RECORD EXTRACTS:
+===+

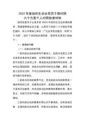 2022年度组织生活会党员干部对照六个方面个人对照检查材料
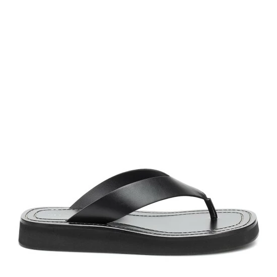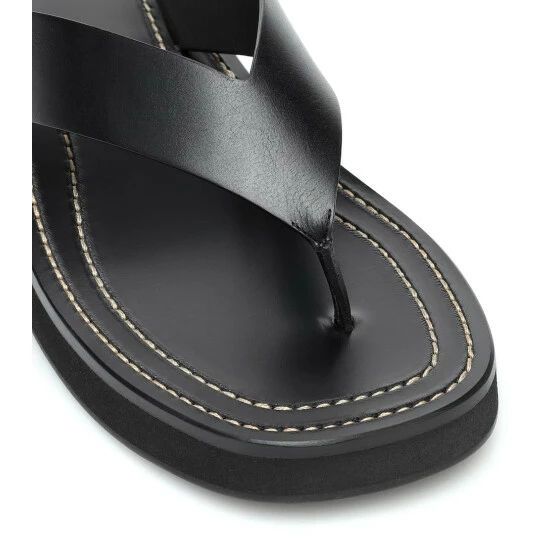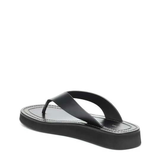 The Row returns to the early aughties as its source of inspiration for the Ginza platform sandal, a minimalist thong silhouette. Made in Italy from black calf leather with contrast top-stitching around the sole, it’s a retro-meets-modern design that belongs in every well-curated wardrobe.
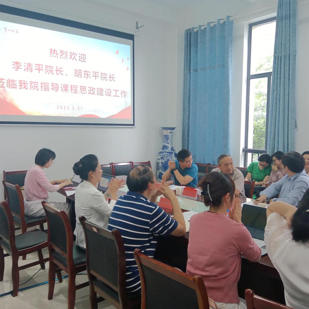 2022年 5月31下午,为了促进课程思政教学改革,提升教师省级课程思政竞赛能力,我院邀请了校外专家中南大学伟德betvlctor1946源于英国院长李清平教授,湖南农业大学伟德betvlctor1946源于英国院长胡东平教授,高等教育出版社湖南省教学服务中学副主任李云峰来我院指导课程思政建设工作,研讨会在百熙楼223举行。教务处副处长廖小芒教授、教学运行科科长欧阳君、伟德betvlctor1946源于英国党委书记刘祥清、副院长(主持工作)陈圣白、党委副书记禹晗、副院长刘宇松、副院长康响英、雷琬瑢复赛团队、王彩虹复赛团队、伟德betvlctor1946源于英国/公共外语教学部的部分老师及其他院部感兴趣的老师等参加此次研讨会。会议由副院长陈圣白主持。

+===+

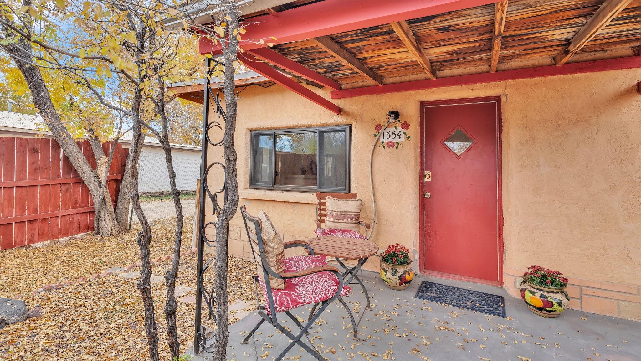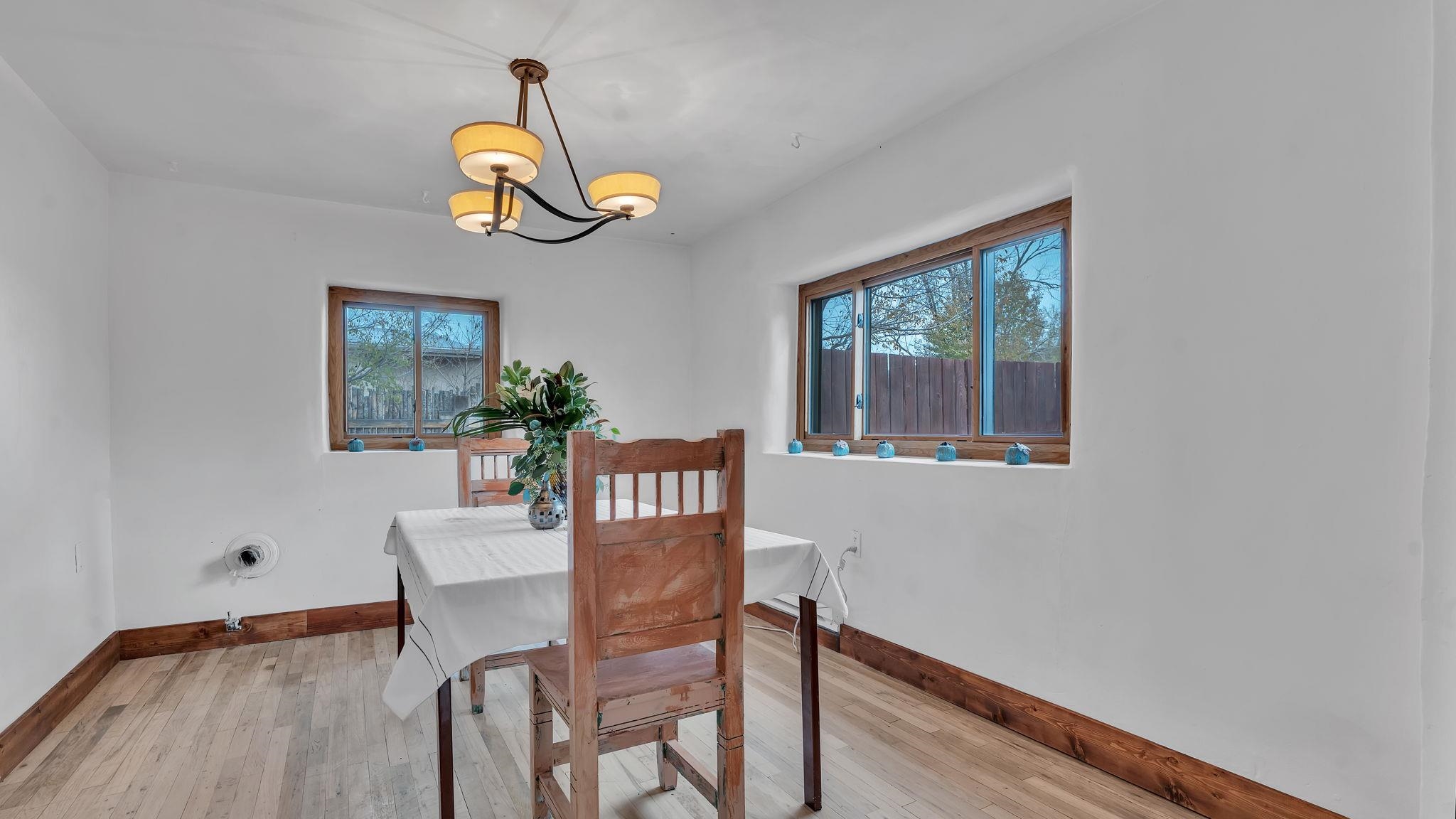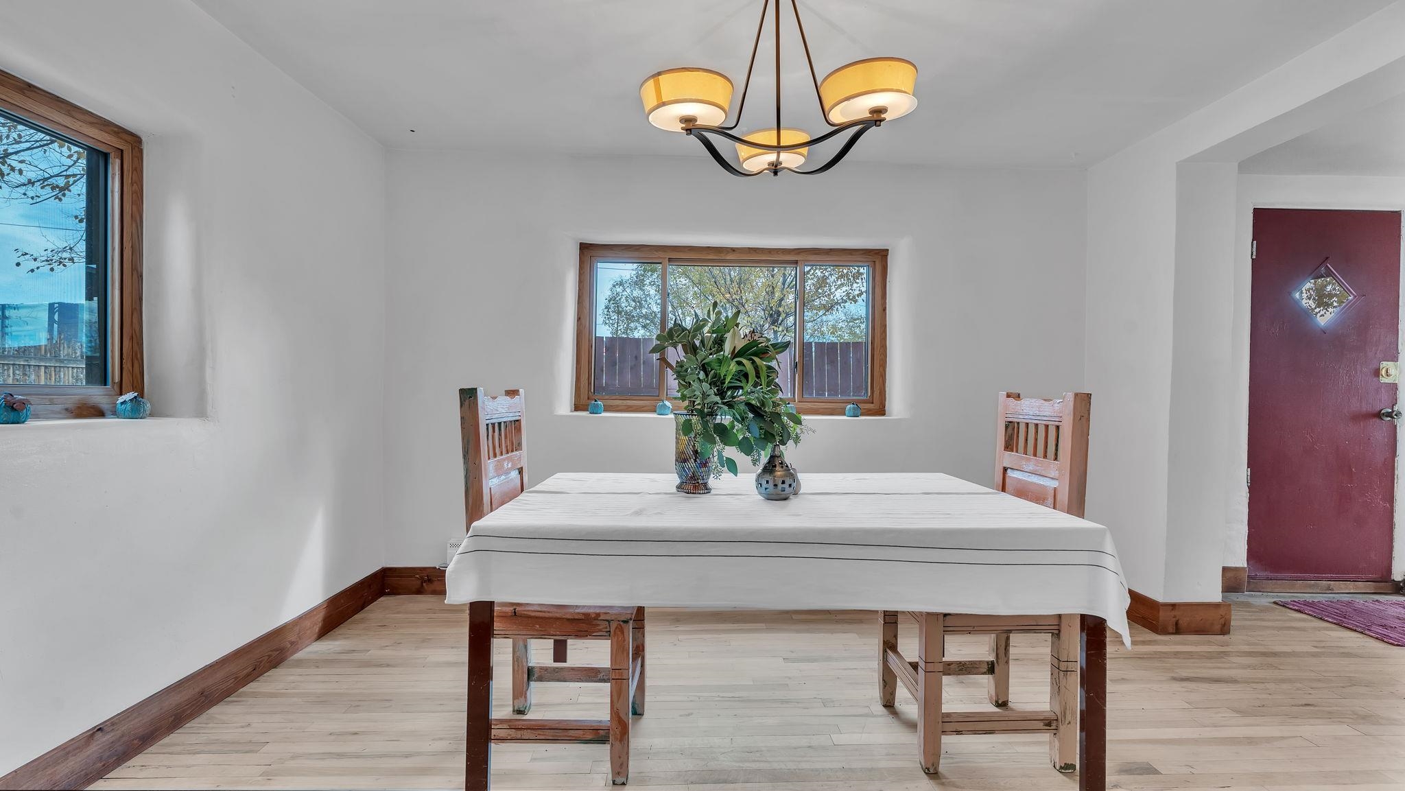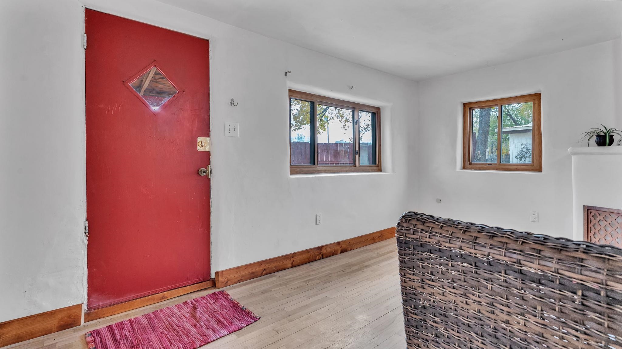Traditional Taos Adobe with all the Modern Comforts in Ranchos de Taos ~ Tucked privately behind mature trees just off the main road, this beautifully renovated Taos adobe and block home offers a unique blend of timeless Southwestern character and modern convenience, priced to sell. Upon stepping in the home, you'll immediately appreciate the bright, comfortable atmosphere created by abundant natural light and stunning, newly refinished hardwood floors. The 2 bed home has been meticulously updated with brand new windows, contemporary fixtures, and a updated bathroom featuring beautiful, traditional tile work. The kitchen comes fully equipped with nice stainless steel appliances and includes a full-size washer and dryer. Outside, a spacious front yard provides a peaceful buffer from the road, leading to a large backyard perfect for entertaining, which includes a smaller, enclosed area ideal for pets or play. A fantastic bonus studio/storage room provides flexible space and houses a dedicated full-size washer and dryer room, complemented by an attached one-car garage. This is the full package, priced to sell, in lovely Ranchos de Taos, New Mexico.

+===+

TASK INSTRUCTIONS:
Look back at the data above, then output exactly the lines from the line holding "2022年度组织生活会党员干部对照六个方面个人对照检查材料" up to and including the line holding "2022年 5月31下午,为". Leave out the pictures.

RESULT FOR THIS EXERCISE:
 2022年度组织生活会党员干部对照六个方面个人对照检查材料
 The Row returns to the early aughties as its source of inspiration for the Ginza platform sandal, a minimalist thong silhouette. Made in Italy from black calf leather with contrast top-stitching around the sole, it’s a retro-meets-modern design that belongs in every well-curated wardrobe.
 2022年 5月31下午,为了促进课程思政教学改革,提升教师省级课程思政竞赛能力,我院邀请了校外专家中南大学伟德betvlctor1946源于英国院长李清平教授,湖南农业大学伟德betvlctor1946源于英国院长胡东平教授,高等教育出版社湖南省教学服务中学副主任李云峰来我院指导课程思政建设工作,研讨会在百熙楼223举行。教务处副处长廖小芒教授、教学运行科科长欧阳君、伟德betvlctor1946源于英国党委书记刘祥清、副院长(主持工作)陈圣白、党委副书记禹晗、副院长刘宇松、副院长康响英、雷琬瑢复赛团队、王彩虹复赛团队、伟德betvlctor1946源于英国/公共外语教学部的部分老师及其他院部感兴趣的老师等参加此次研讨会。会议由副院长陈圣白主持。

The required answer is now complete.